Introduction

Diabetes mellitus (DM) is the world’s leading cause for motility and morbidity, and the disease has become a major public health burden worldwide. It is estimated that the prevalence of diabetes in adults worldwide is over 300 million, and it will increase by 55% by 20351. Obesity or overweight is one of the essential risk factors for diabetes and contributes to a twice-higher risk to develop DM2,3. Thus, dietary therapy aiming at weight loss is typically recommended in clinical practice4. Due to the fact that diabetes and its complications affect many aspects of physiology, the benefits of weight reduction are not limited to glycemic control but are also related to many cardiovascular risk factors such as blood pressure, high-density lipoprotein (HDL), total cholesterol (TC) and triglyceride (TG)2.

Medical nutrition, as part of the comprehensive treatment of DM with obesity with a primary goal of weight reduction, is the most simple, effective and economical choice of intervention. The dietary approach for body weight reduction can be obtained from many strategies, including a low-calorie diet, a very low-calorie diet, high-protein diet, and so on. Ketogenic diet (KD), which contains a very low level of carbohydrates (<55 g/d) with the main energy sources of lipid and protein, and which causes ketosis and simulates the physiological state of fasting, has been well reported to be effective for weight loss and glycemic control4,5,6,7,8,9. Previous meta-analyses have proved the efficacy of KD in body weight reduction2,10,11; however, systemic reviews on the effect of KD on weight reduction and glycolipid metabolism in patients with DM are still limited. Westman et al.12 and Partsalaki et al.13 demonstrated that KD improved type 2 diabetes mellitus (T2DM) by reducing the glycemic response caused by carbohydrate and improving potential insulin resistance. Leonetti et al.14 and Walton et al.15 reported reduced TG and TC with increased HDL levels after KD consumption for a lipid profile. However, controversies are still existing; studies revealed that a low-carbohydrate, high-fat diet may exacerbate the lipid profile in patients with diabetes, although glycemic control improved with hypoglycemic medications16,17,18. Therefore, the purpose of the current review was to conduct a meta-analysis on the effects of a KD in patients with diabetes.

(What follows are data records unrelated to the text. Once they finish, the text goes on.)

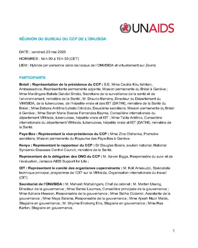 Réunion du Bureau du CCP de l’ONUSIDA 23 mai 2025
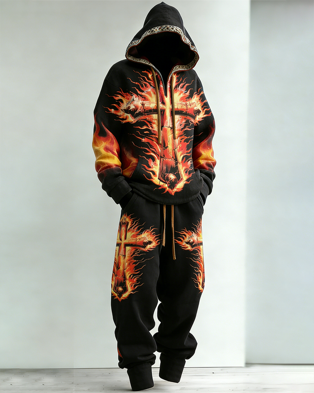 Men's Viking Contrast-Color Embroidered Hoodie and Pants Two-Piece Set 6363
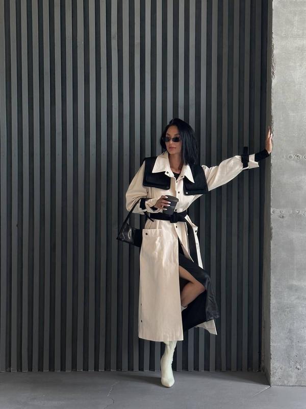 Тренч «Weekend» Стильный комбинированный тренч, из 100% коттона, ремни из основной ткани на кожаной основе. За счет рабочих кнопок можно регулировать высоту разреза Замеры: ОГ - 120 см Стегна - 130 см Рукав с плечом - 75 см Длина - 120 см ✔️Параметры модели: 85/65/90 Рост 167 см
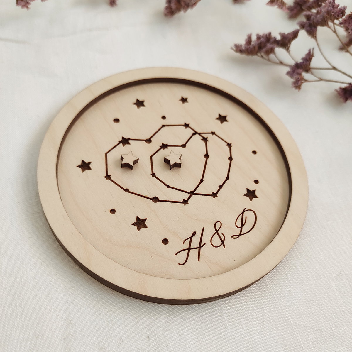 Drevený podnos na obrúčky v tvare kruhu vyrobený z kvalitnej preglejky hrúbky 4mm s prírodným hladkým povrchom. Podnos sa skladá sa z 2 vrstiev.
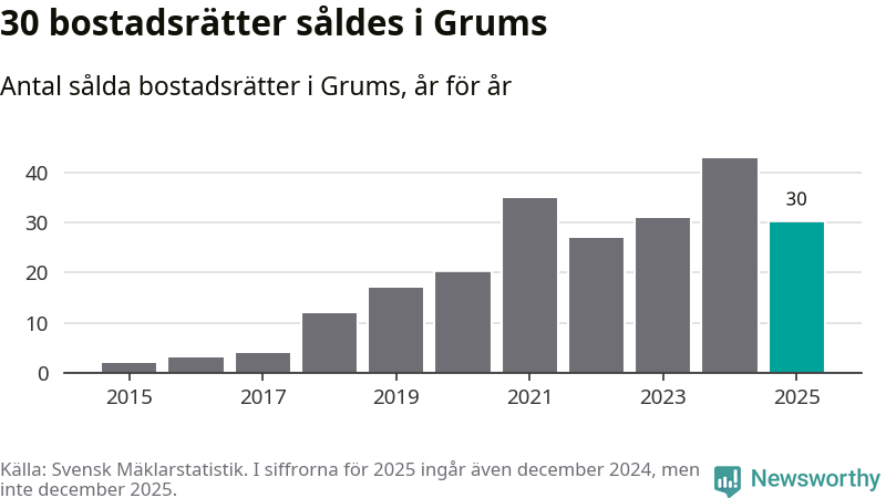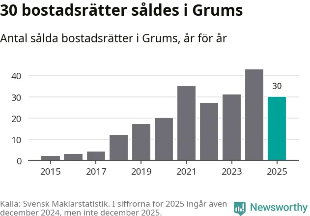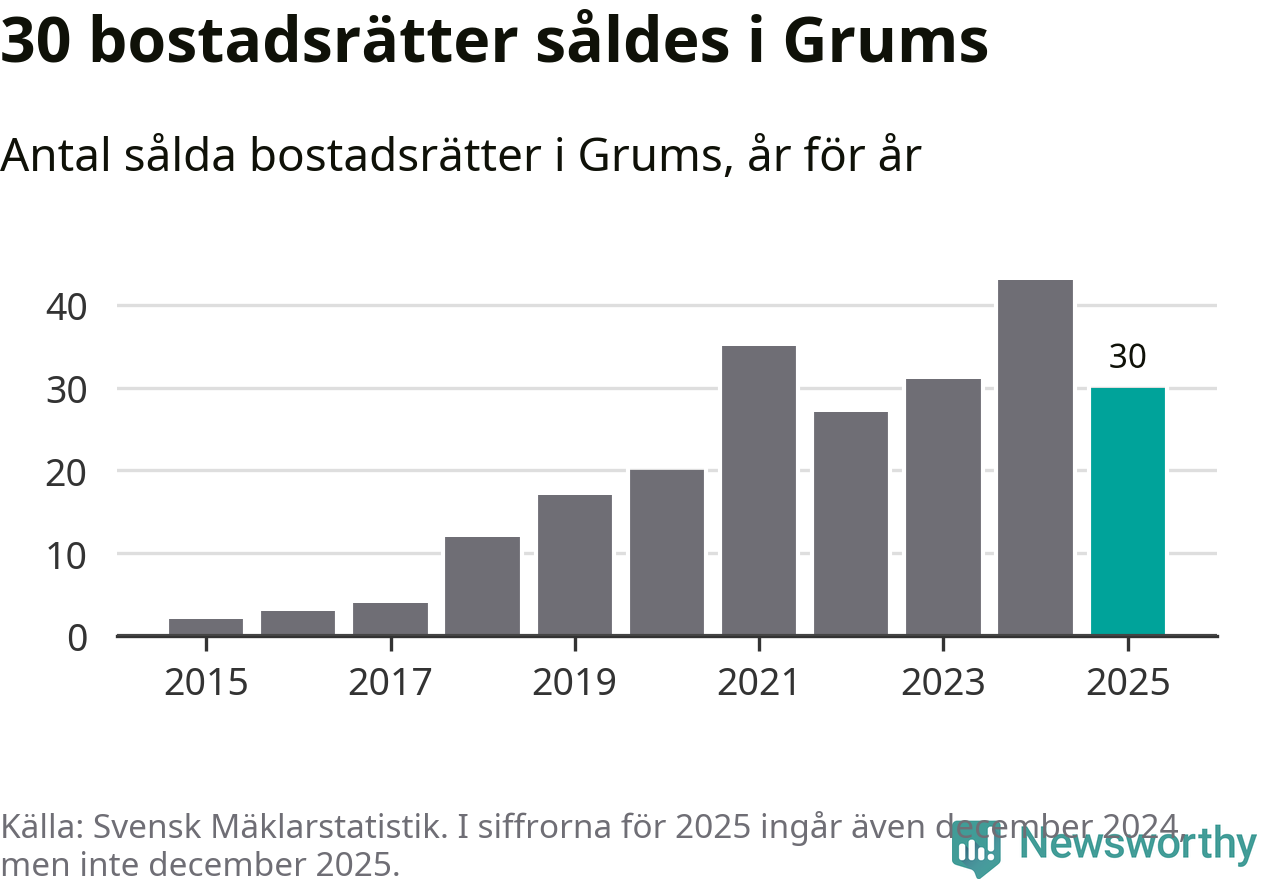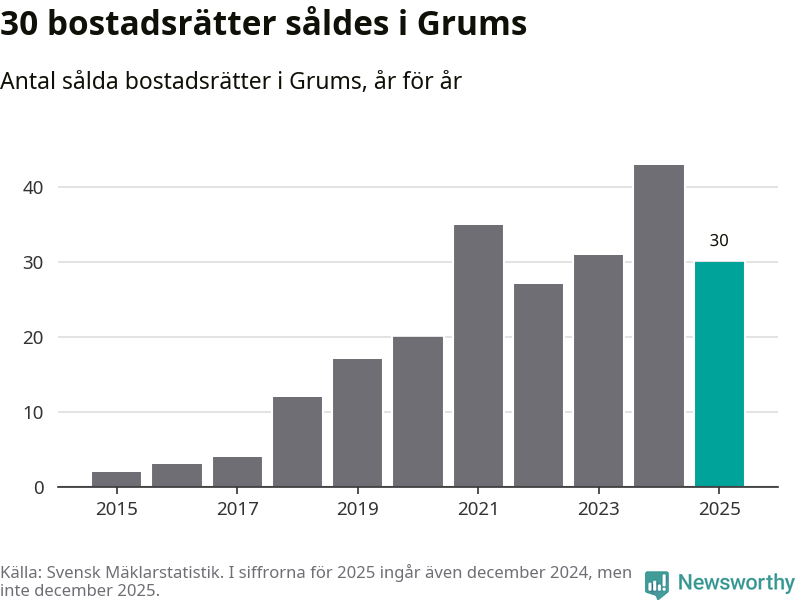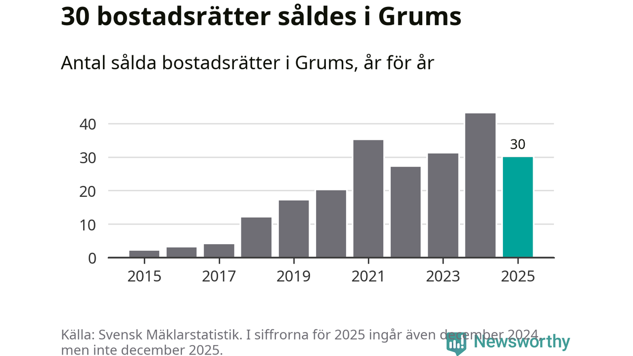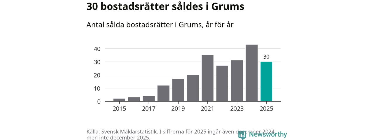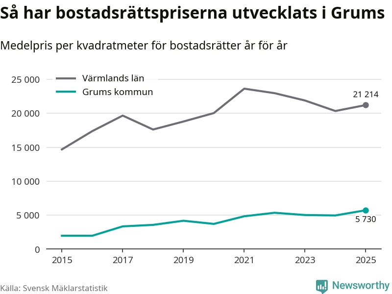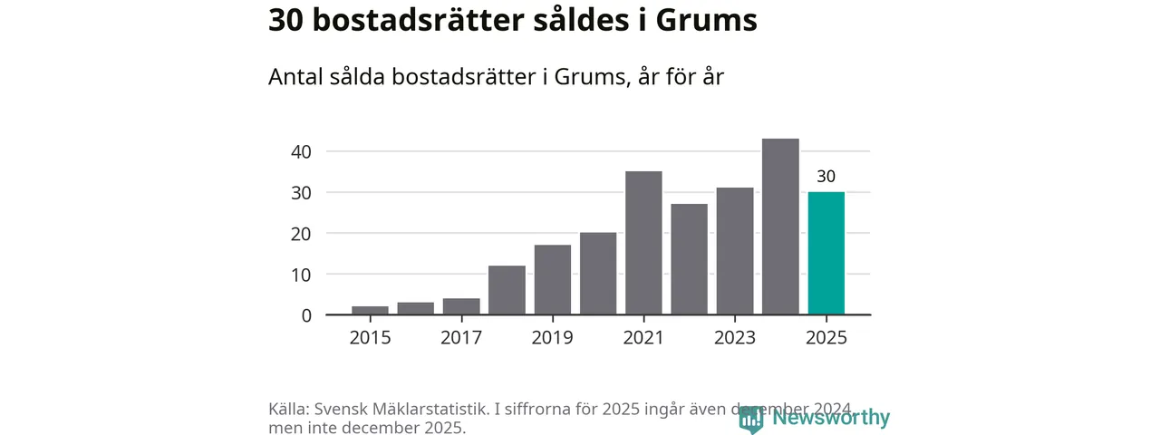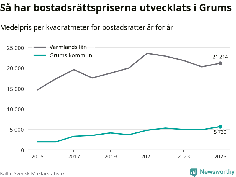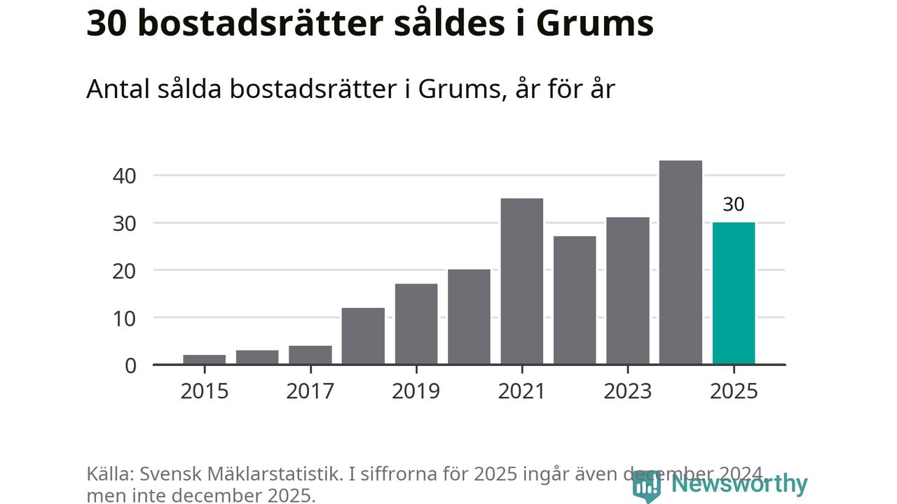 Det såldes totalt 30 bostadsrätter i Grums kommun under året. Genomsnittspriset per kvadratmeter landade på 5 730 kronor. Det är en ökning med 15 procent i kommunen på ett år och den högsta årsnivån på över ett decennium.
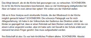In diesem Interview in sechs Tageszeitungen schiebt Christoph Schönborn die „schwarze Pädagogik“ dem Staat zu, in diesem Fall dem österreichischen Staat, und die sechs Tageszeitungen apportieren gehorsam die „Botschaft“ des leitenden Angestellten, es sei absolut nicht ein kirchliches Problem alleine gewesen … Und ach, Christoph Schönborn als Schüler habe den „Sadismus des Direktors“ erlebt … Und ein Direktor repräsentiert den Staat, und sonst …
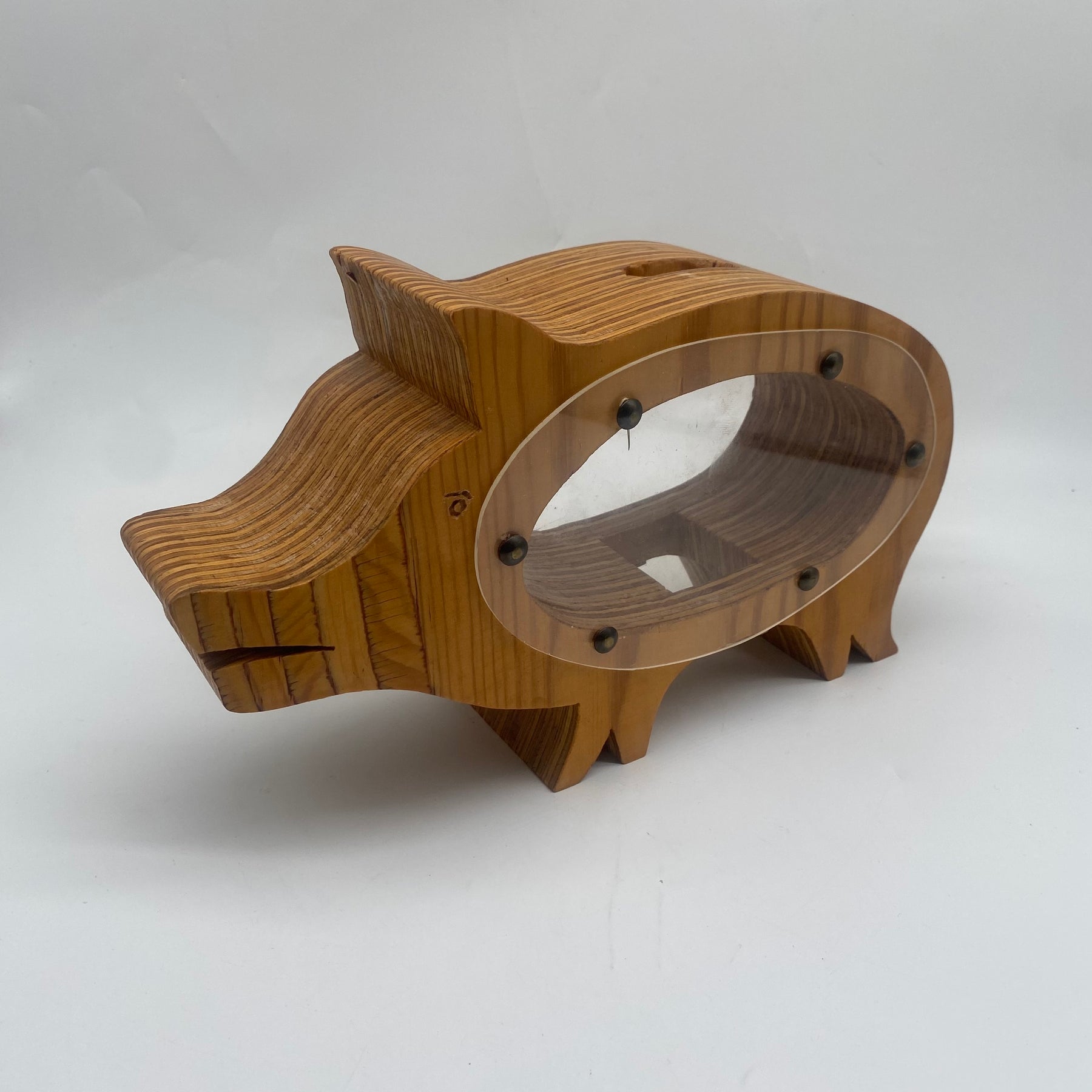 Upptäck denna unika och charmiga grissparbössa i trä, en perfekt kombination av funktionalitet och estetik.
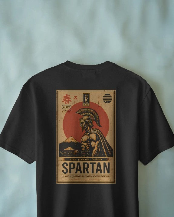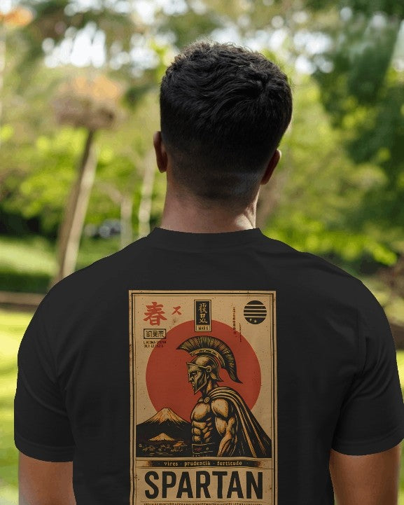 Awaken the warrior within. This bold design combines Spartan heritage with a Japanese-inspired rising sun backdrop and Latin virtues: Vires (Strength), Prudentia (Wisdom), Fortitudo (Courage). Ideal for gym wear, casual outings, or a statement piece.

Considering the potential benefits of KD in diabetes management and weight reduction, and considering fasting blood glucose and glycated hemoglobin A1c (HbA1c) as common biomarkers for long-term glycemic control, HDL, LDL, TC, and TG levels are included in the current analysis to determine the changes of metabolic disorders in glucose and lipid metabolism. In addition, the homeostatic model assessment of insulin resistance (HOMA-IR) is considered as a reflection of insulin resistance reversal.

Materials and methods

Literature search

In this meta-analysis, only studies published in English were considered, which were identified by searching the PubMed and MEDLINE databases. The keywords used for this literature search are T2DM or diabetes mellitus, ketogenic diet, obesity, and human. The search was finished on September 20, 2019. This meta-analysis was planned and performed according to the Preferred Reporting Items for Systemic Reviews (PRISM) guideline (Fig. 1).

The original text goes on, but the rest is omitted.